I talked with R the other night and cried a little and it was a good release. I was putting N to bed and saw his quilt and just about lost it, he was my little baby and I made this quilt, this little ratty quilt that could only really hold a doll it's so small, but it had all my mother-love in it, all my hopes for his life were sewn into it, and I never dreamed this would happen.
N is still trying to figure out about boundaries with others and I see why kids who have been abused become easy prey for someone else later. He does little things like climbs into my lap for a snuggle and puts his hand on my breast, and I was just moving his hand but now I'm actually having a conversation with him about how that makes me uncomfortable and sends a confusing signal to me about what he wants, and how that might be a signal to someone who ISN'T safe and to be very careful with his body, etc.
Oh yeah, and yesterday I FINALLY had to talk with my kids about what my dad did to me, which was better than I thought it would go but still hard. My aunt called and told me about a huge family reunion coming up in a couple of weeks- family members will be flying in from other states to come- and D heard me talking about it and asked me when I got off the phone if we'd be going. My kids don't know my family at all. They know my aunt because she's really solid and a huge part of my life, they barely know my mom because she's just not around, and they've seen my cousins and aunts and uncles at most once or twice a year, and usually a lot less than that. I want my kids to live in a world where people have healthy boundaries and those boundaries are respected, and where it's safe to say what you think. Being around my family for the most part, you don't really get that. It's just who they are, it's not bad- they weren't raised getting to have healthy boundaries and with the Filipino part of things it makes things a little more confusing (lots of penis grabbing/boob pinching/etc), so along with other complicated aspects, my kids just don't know my family at all. I want them to, though, I really want them to know my family better, and see how huge their family really is. I think they'd be VERY shocked. ;) So my dad will probably be at this function and while we'd definitely see him I think we could easily avoid him, and so I have some things to think about. I always fall back to "I dont take my kids around abusers, period." That really clarifies things. Now my kids know and I asked D what he would do if he saw him and he said he'd just avoid him.
My kids took the information well; they knew I was estranged because he wasn't a safe guy to be around and because he doesn't respect people's boundaries, but they pressed me so I told them that he had touched me and said sexual things to me. D looked really.... sad for me? N's first question was, "Did he ever do anything to me?" which took me aback. I feel comfortable saying no, he was 2yo when we saw Joseph for the last time and he was never alone with him. Whatever happened to N, it had to be at our old house. Anyway- we talked for a bit and I told them both how it seems like you shouldn't tell anyone when something like that happens but that I chose to talk about it openly so that people would be safe.
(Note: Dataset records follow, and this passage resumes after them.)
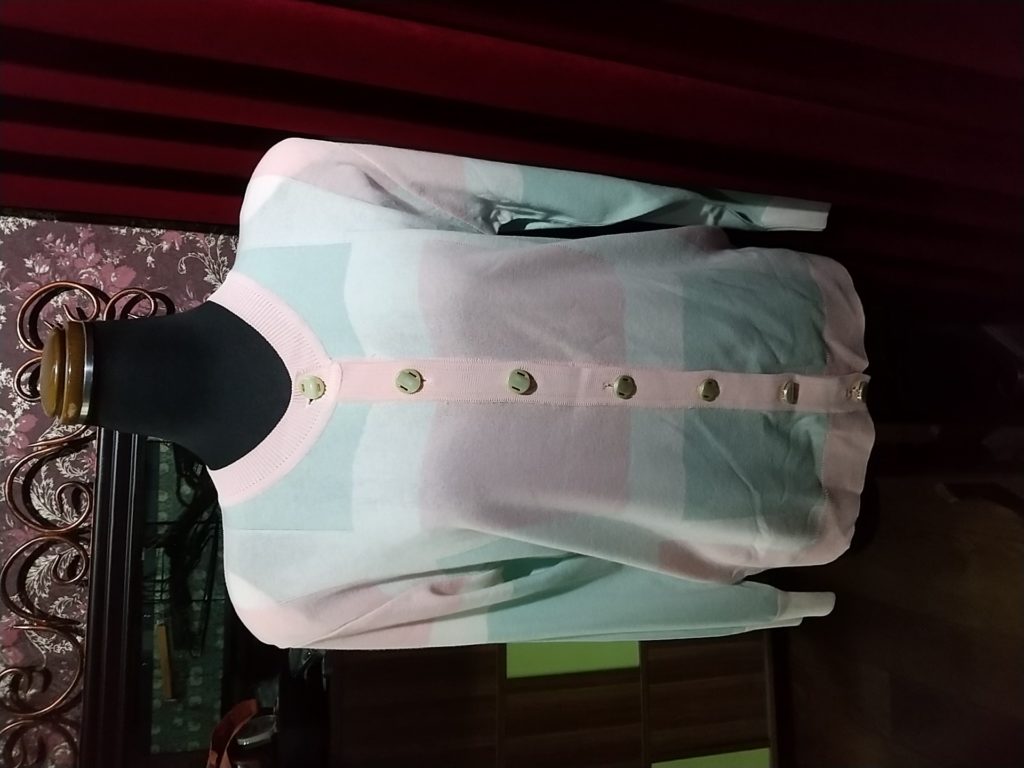 ピンク×ライトブルー・ニットカーディガン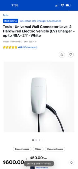 Tesla - Universal Wall Connector Level 2 Hardwired Electric Vehicle (EV) Charger – up to 48A– 24’ - White$480Hialeah, FL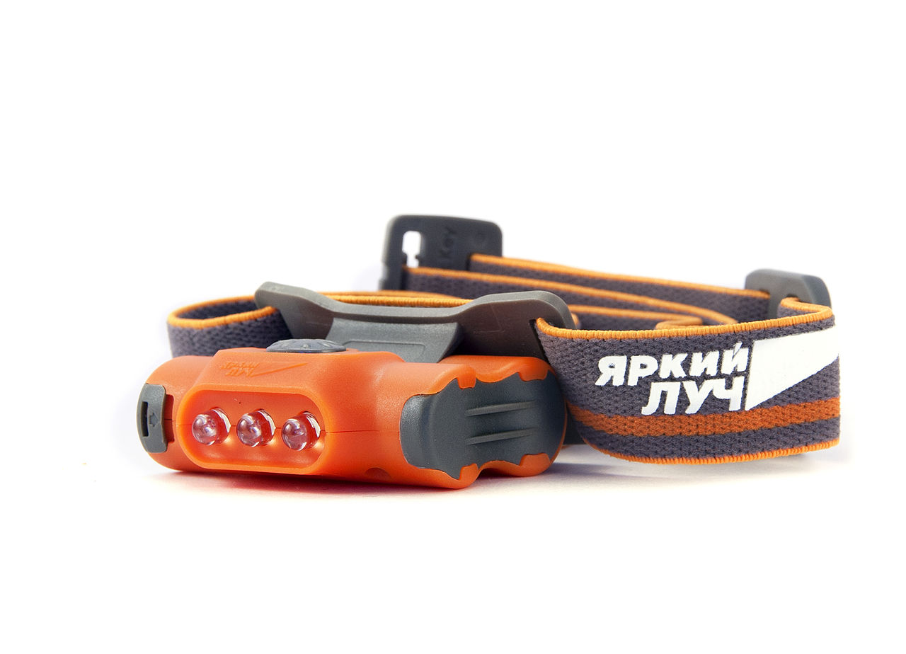 Фонарь ЯРКИЙ ЛУЧ LH-030 "DROID" оранжевый налобный, 3 режима (5/30лм, SOS), IPX4, на 2xAAA

It is all very confusing for them I think, but we spoke easily and then moved on to other things. Total milestone for me. D usually processes for a while and then comes back later with more questions so I anticipate we'll be talking about this again.
Went to a food coop meeting last night and it was really refreshing. I feel (today, right this minute) like I'm moving back into my normal stuff. I slept like absolute shit last night but I know that's temporary.
I'm strong and the answers will come.
Saturday, July 26, 2008
Best part of my day
The best part of my day was actually I had a good day, despite the undercurrent of stress and anxiety. I taught a tight, awesome class this afternoon and had my doula partner join me and teach on touch for labor and birth. We have MAGIC when we're together, it is really fantastic and I am so excited that we're going to start teachign together. I really think we'll draw the interest once we put together a class that implements her aspect of intentional/therapeutic touch.
I also realized for my second class which I was feeling somewhat insecure about, that it wasn't that I wasn't delivering the information well, it was that the dad was just exhausted and couldn't keep his focus with what was going on. After the first class I thought, "I'm boring him! None of this is interesting, I'm losing him, and if I lose him, I'll lose her, too.... eeeeek!" I was feeling really insecure about that, despite how well my other series is going (and it's going REALLY well!!!). So tonight I just made sure I had things well organized and ready to go, and it was interesting that some of the activities I did earlier in the day went over differently than they did when I did them with this other couple. I really wish they'd elected to join the group class. Sure it's an extra $25 for me because they went with a private class but having to drive from one end of the county to another in one day, teaching two separate classes (amounting to a full 8 hour day -- and that's just for ONE day of classes) in one day... ugh... not worth it.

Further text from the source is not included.